WHAT YOU NEED TO DO: The whole listing below should be retyped exactly, without any images.

SUPPLIED INFORMATION:
------------------------------------------------------------

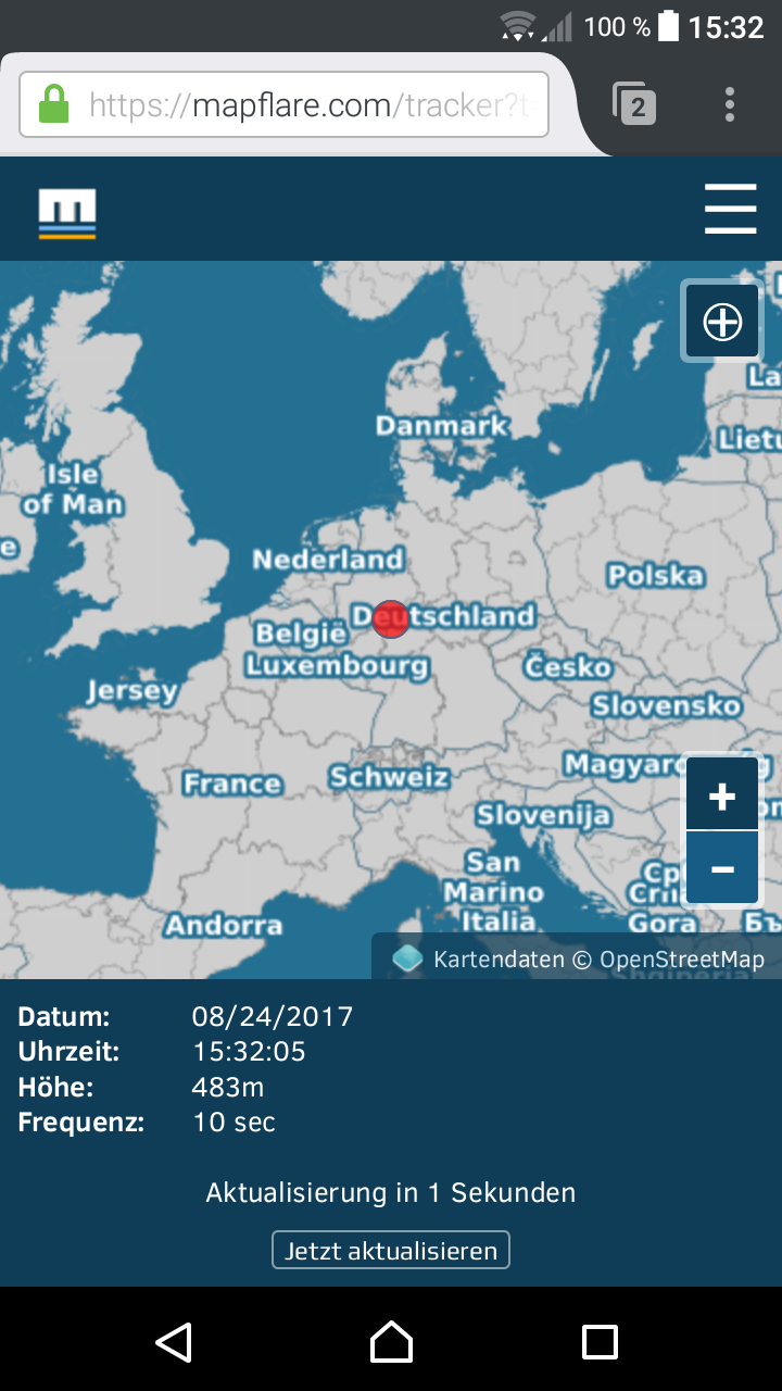 The current position can be determined by the tracker either by GPS (exact) or battery-saving with the google location service (less accurate). The determined location is then transmitted in a selectable interval (10 minutes to 5 seconds) to the Mapflare server and made available through this to the receivers.
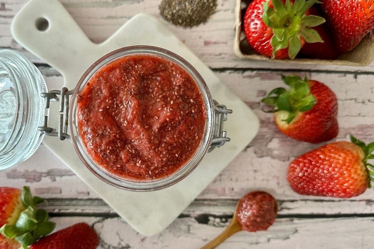 Yes, strawberry chia jam is healthy! You only need a small amount of sugar or your sweetener of choice in this recipe and you could even omit the sweetener altogether if your strawberries are sweet enough. This jam is much healthier than many sugary store-bought jams. Also, there are many benefits of chia seeds.
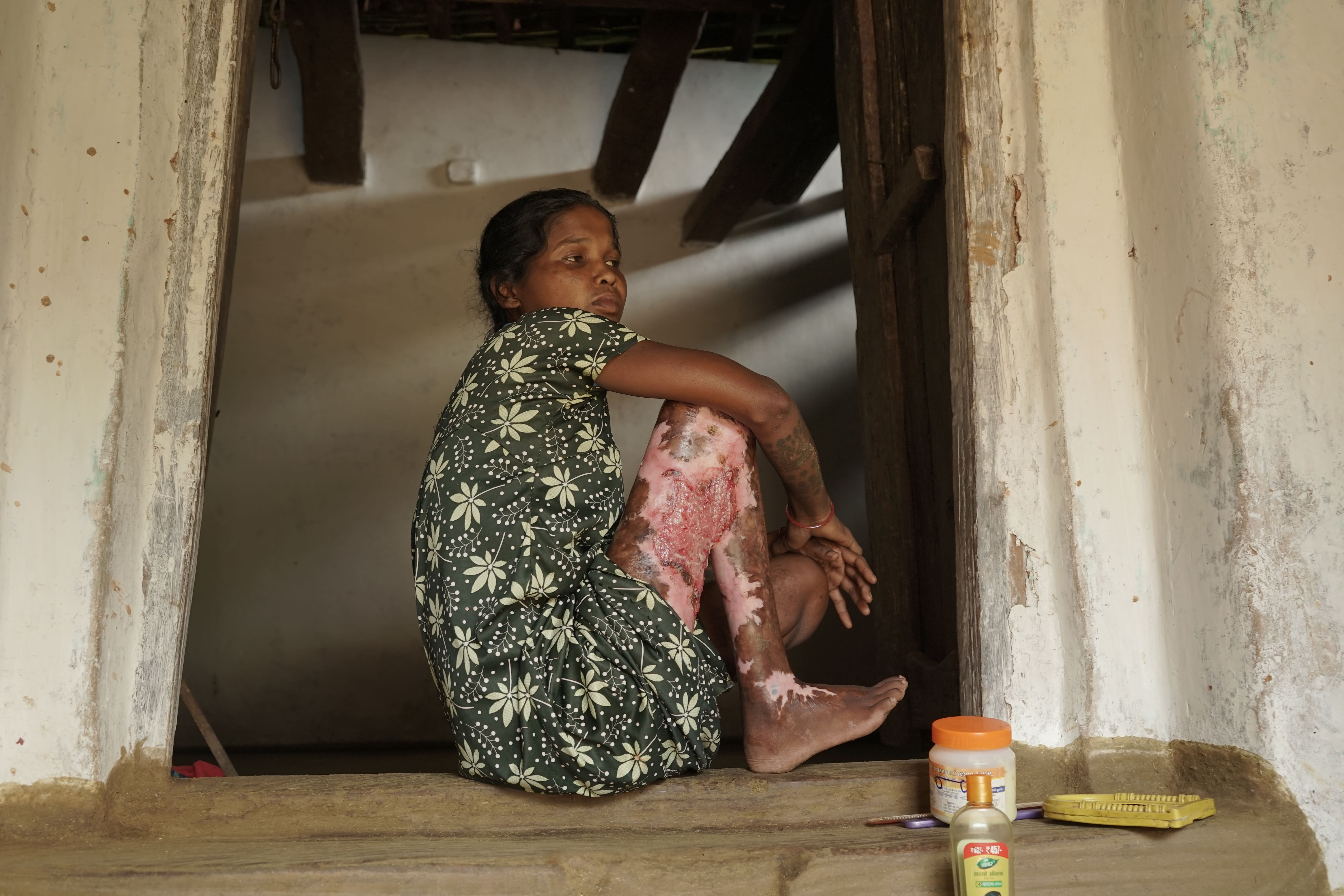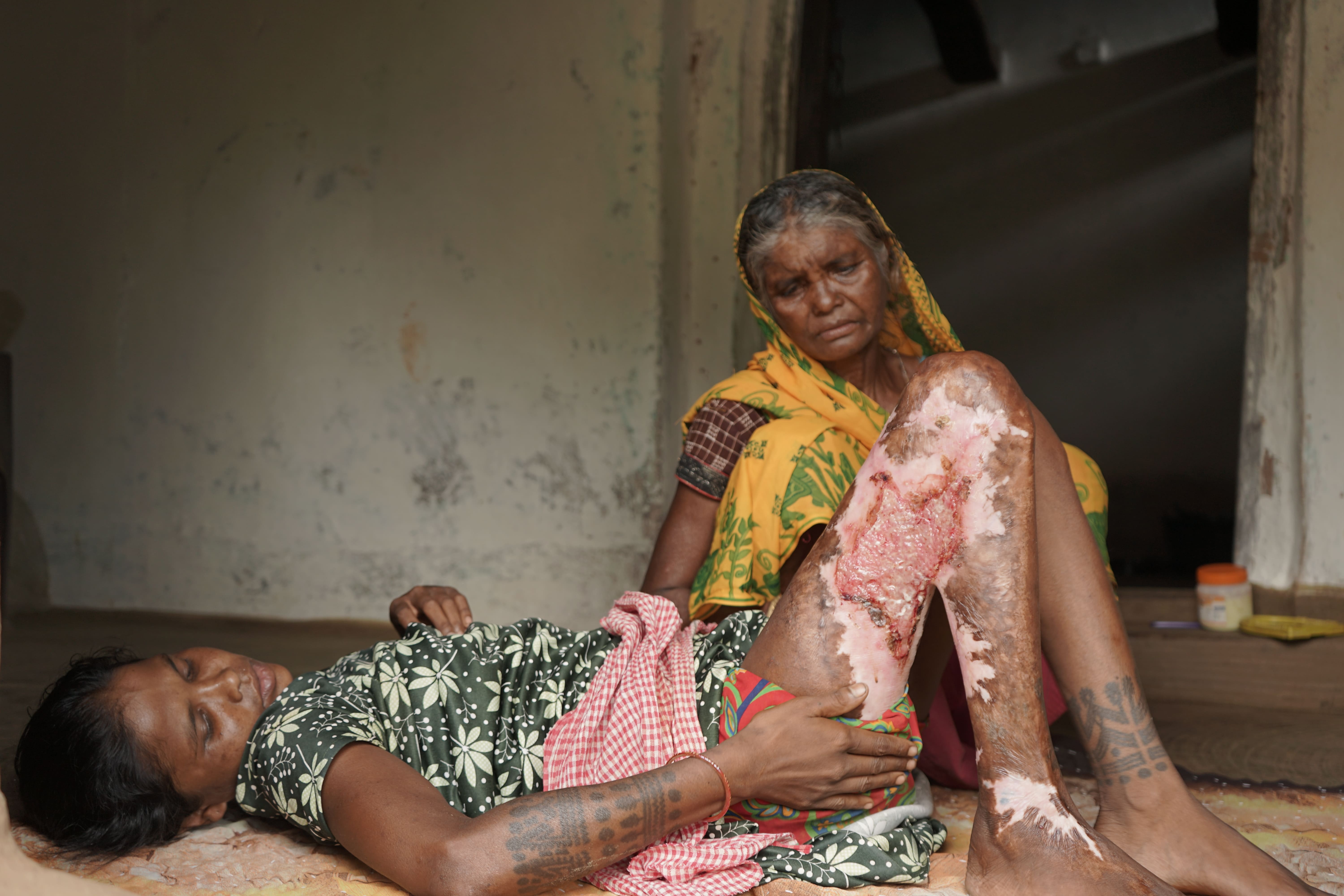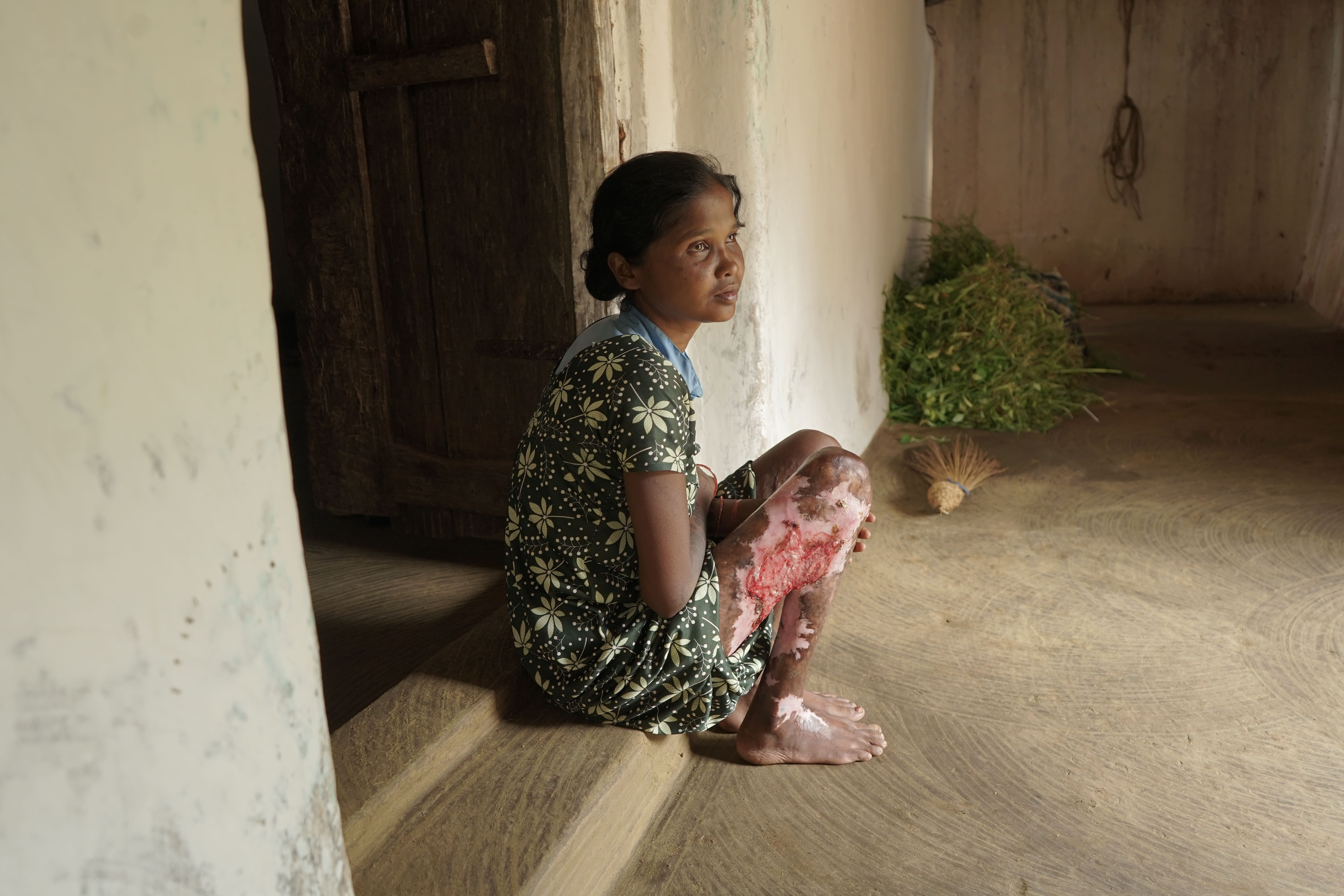 Hirmaniya cannot walk. Her legs and hips are so badly burnt that she can only crawl across the floor. She depends on her mother for even the simplest tasks. Together, they beg for food from neighbors, who sometimes share a little rice or dal-chawal out of kindness.

------------------------------------------------------------

ANSWER SECTION:
 The current position can be determined by the tracker either by GPS (exact) or battery-saving with the google location service (less accurate). The determined location is then transmitted in a selectable interval (10 minutes to 5 seconds) to the Mapflare server and made available through this to the receivers.
 Yes, strawberry chia jam is healthy! You only need a small amount of sugar or your sweetener of choice in this recipe and you could even omit the sweetener altogether if your strawberries are sweet enough. This jam is much healthier than many sugary store-bought jams. Also, there are many benefits of chia seeds.
 Hirmaniya cannot walk. Her legs and hips are so badly burnt that she can only crawl across the floor. She depends on her mother for even the simplest tasks. Together, they beg for food from neighbors, who sometimes share a little rice or dal-chawal out of kindness.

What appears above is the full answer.